Is there any trick to pop the hood open I went to check my oil today and the hood release will not work, dont feel like any tension is on the cable. when pull it sounds like a spring clicking.


----------



## zanegrey (Dec 5, 2005)

tyiiimme is on my side ..yes it is....

most times when opening my hood i have to pull the release and then give a pound on the hood to jar it up...


----------



## SPEEDO (Jun 9, 2003)

might also have someone pull on the cable while you lift the hood.. Then lube it... the latch that is.....


----------



## Azazel (May 3, 2009)

Thanks for reply I had to lift up on hood have some one pop the release. wd-40 it.

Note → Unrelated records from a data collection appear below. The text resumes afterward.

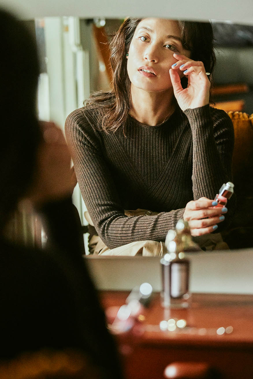 「朝、余裕がないとき。1着できまるアイテムがあると無敵になれませんか?リブニット×サファリスカートをドッキングさせたこのドレスは、上半身の編み地を巧みに切り替え細見え仕様に。ポイントはたくし上げたようなスカートのデザイン。自らアレンジを加えたような小粋さが、着こなしにリアリティもたせます」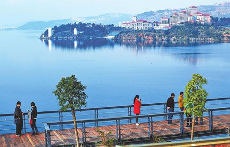 2016年12月29日,几位外地游客在澄江县抚仙湖东岸大湾村段刚刚建好的仙湖时光栈道上观湖赏景。据了解,仙湖时光栈道西起尖山村小学,东至海口镇大石洞,全长约28公里,沿湖岸线建设。该项工程于2015年2月初开工建设,到目前施工已近扫尾。从2017年元旦起,游客即可在这条绿色生态栈道上进行徒步观光游览。 记者 潘泉 摄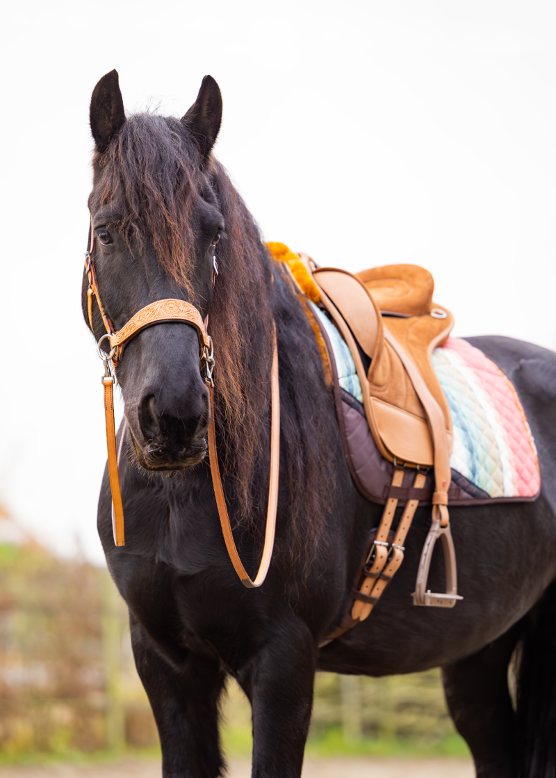 Hoogwaardige Merinowol is technisch gezien een van de meest geavanceerde natuurlijke materialen ter wereld. Doordat in plaats van geschoren en geweven wol het volledige lamsvachtvel wordt gebruikt, worden de voordelen van dit materiaal optimaal benut. Daarom raden wij altijd aan om de wol direct op de rug van het paard te gebruiken.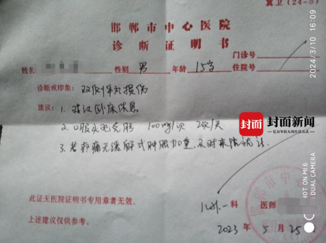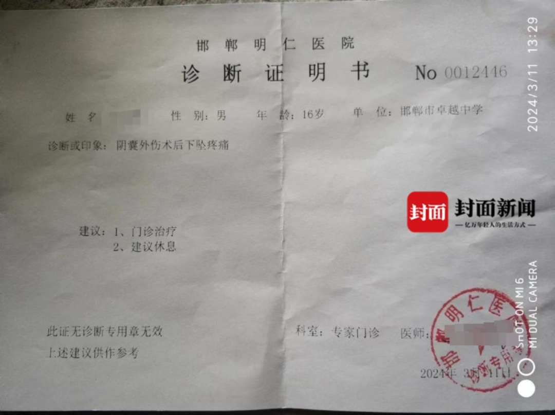邯鄲一高中生被同學打傷睾丸,打人者自稱姥爺是縣長,其父否認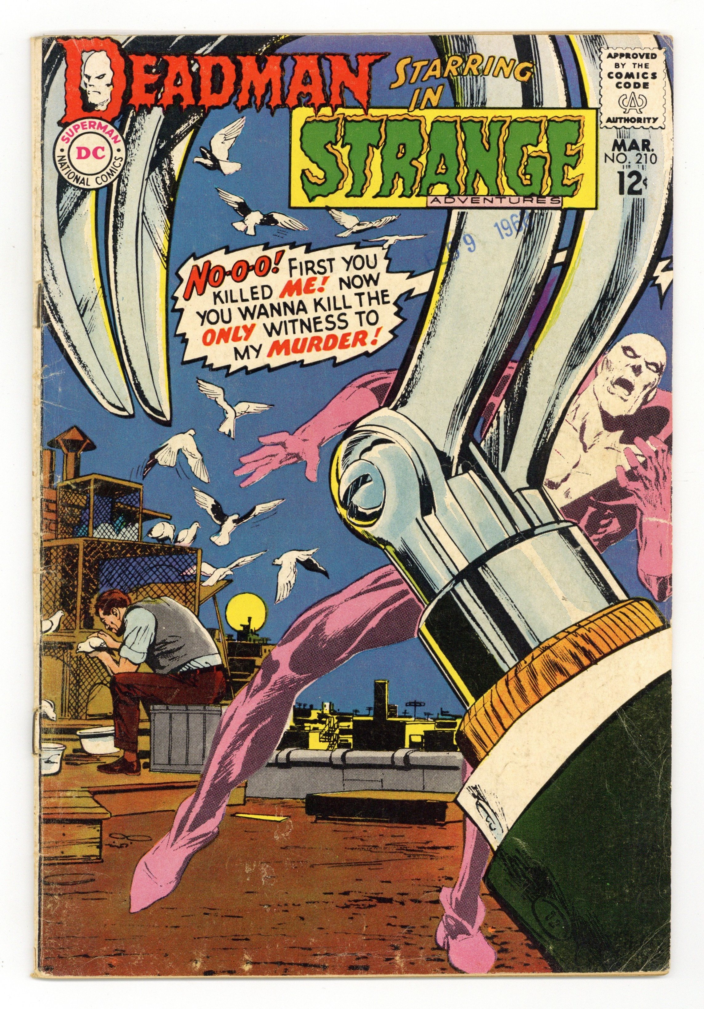 Deadman stars in "Hide and Seek." Art by Neal Adams. Reprint back-up story: "Designs for Disaster." 2-page "Just Imagine" reprint (Virgil Finlay art). Adams cover. 36 Pages, Full Color. Cover price $0.12.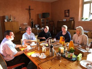 Im Speisesaal des Klosters stärken sich Pater Stefan (v. l.), Pater Robert-Maria, Pater Jürgen, Barbara Gitzinger und Helma John für den Tag.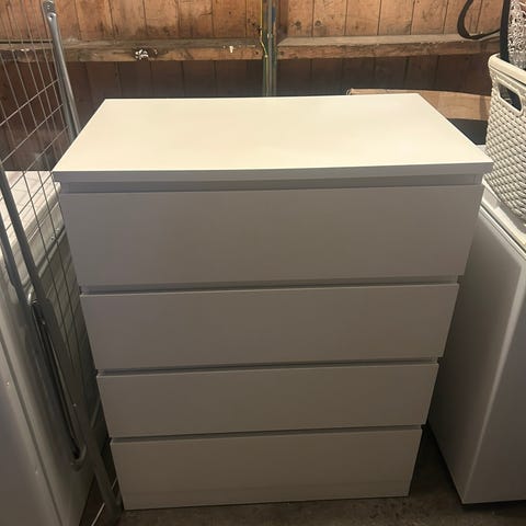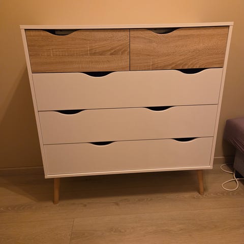 Koppang kommode pent brukt, bortsett fra «flekken» som er vist på bildet. To hvite knagger limt på den ene siden, som vist på bildet. Må hentes.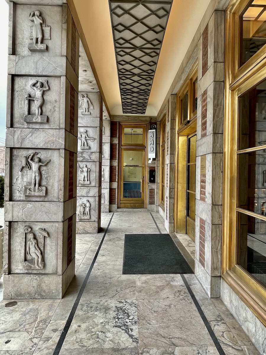 Les colonnes à l’entrée du bâtiment sont rehaussées de reliefs qui soulignent l’importance de l’électricité et portent la mention « Lumière, énergie, chaleur ».

It pops open now but not like it was


----------



## tulaviok (Sep 7, 2010)

put something else...wd40 is going to remove the rust but it turn dry very soon and more rust come back out...use jigaloo or fluid film even white grease


----------



## Spinlock (Jun 12, 2006)

Have you had any front end damage, or anything along those lines? Your hood release might not be lining up properly - I have finally, after much experimentation, bent it to a proper orientation where my hood pops open every time.


----------



## GeoBMX4Life (Mar 25, 2010)

Mine's the same way, I just deal with it. Makes my wife feel like she's helping out too...LOL


----------